11/27/2023
I’ve been contemplating the right way to start this story. While the Bible begins with “In the beginning,” I’m not convinced that’s the most suitable introduction for mine. Instead, I’ll say that this is the onset of a new chapter in my life. Back in November 2016, I felt unwell while living at the Malheur National Wildlife Refuge in Eastern Oregon. I decided to drive to the little town of Burns Oregon to seek medical help. The doctor, suspecting pneumonia, set up additional tests for the next day. I chose to stay at a nearby friend’s place to avoid the long journey home, believing everything was manageable, until a concerning incident occurred the next morning. Feeling disoriented and mentally unclear, I was struck by the severity of my condition and desperately called for assistance. My friend, seeing my distress, quickly acted to get me emergency care.
At the Burns hospital, my unusual symptoms left the doctor puzzled, contemplating a heart attack or stroke as possible causes. Owing to the gravity of my condition and the limited capabilities of the local hospital, I was flown by life-flight to a more advanced medical center in Boise. In Boise, it was confirmed that I had suffered a stroke and a minor heart attack, followed by another stroke a week later, leading to a six-week recovery period in the hospital.
Throughout this ordeal, I was overwhelmed with anxiety and uncertainty about what had happened, its causes, and the unknown ways in which my life would change. Friends like John Shewey and Jeff Weimer quizzed me on my bird knowledge, a passion of mine since the age of five and a subject I recently co-authored in the “Birds of the Pacific Northwest” book. Fortunately, despite not remembering the birds’ names, I recognized them, providing some reassurance amidst the uncertainty. Gradually, I began to recall their names, a few weeks into recovery.
After my stroke, I was diagnosed with aphasia, a communication-impairing language disorder typically resulting from brain damage, such as a stroke. Aphasia affects speech, language comprehension, reading, and writing but not intelligence… as far as you know.Regarding my sense of humor, its still there and often think that I am brilliantly funny although most would disagree.
Physically, the stroke affected my left side. I’ve lost feeling in my left hand, and my movement, particularly on the left side, has been hindered. I often remind myself and others that the situation could have been far graver, and I truly believe this.
This narrative provides an insight into my life after the stroke, highlighting the unique challenges I face.
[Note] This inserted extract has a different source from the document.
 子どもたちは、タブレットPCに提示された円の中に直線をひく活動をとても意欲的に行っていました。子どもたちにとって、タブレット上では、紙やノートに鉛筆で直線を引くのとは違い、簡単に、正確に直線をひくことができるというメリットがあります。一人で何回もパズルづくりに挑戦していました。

My experiences, while not unique in the realm of stroke victims , may offer support to others facing similar struggles, including their loved ones. This blog is a therapeutic outlet for me and a potential source of support for others dealing with the aftermath of a stroke. I am deeply thankful to be able to share my story, understanding that not everyone has this opportunity. My aim is to offer guidance and understanding for those navigating the significant changes a stroke can bring. Instead of focusing on what I’ve lost, I concentrate on what I can still do and look forward to. I hold onto my memories and find joy in them, eagerly embracing this new phase of my life.
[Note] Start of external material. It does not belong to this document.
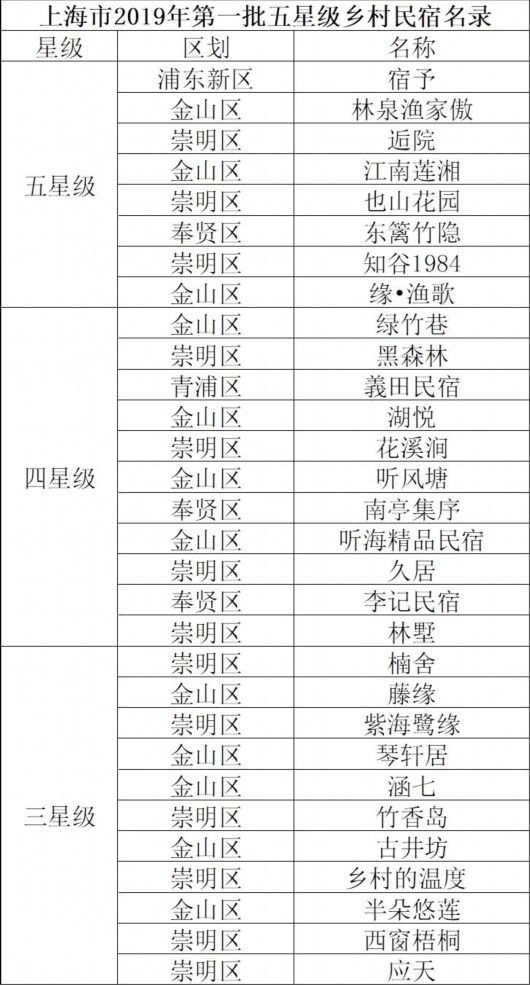 今天起,上海民宿也開始評(píng)星級(jí)了。據(jù)悉,此次鄉(xiāng)村民宿等級(jí)評(píng)定工作于8月份啟動(dòng),經(jīng)自愿申報(bào)、各區(qū)初審、專家評(píng)定等環(huán)節(jié),共評(píng)選出了五星級(jí)鄉(xiāng)村民宿8家,四星級(jí)鄉(xiāng)村民宿11家,三星級(jí)鄉(xiāng)村民宿11家。

The strokes were not an end for me, though I am aware this is not always the case for everyone. They have taught me to adapt, be patient with myself, and appreciate what I still possess. Accepting the loss of some abilities is part of the challenging recovery process, but being grateful for what remains is crucial.
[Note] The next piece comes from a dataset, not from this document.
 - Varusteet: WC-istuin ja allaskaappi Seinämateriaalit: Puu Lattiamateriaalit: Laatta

Birdwatching and photography have been significant parts of my life. In this blog, expect many of my bird photos – they’re a part of who I am and play a crucial role in my recovery. The aim of this blog is two-fold: therapy to myself and to offer support to those who have experienced a stroke or friends and family. Strokes can be life-altering, and your life will undoubtedly change. My first piece of advice to anyone in this situation is the importance of attitude. Accepting the stroke might be difficult, but it’s the first step towards a happier life. If you’re still with me, perhaps you’ll join me on this journey. I welcome interaction, suggestions, and possibly even guest contributors. This should be fun!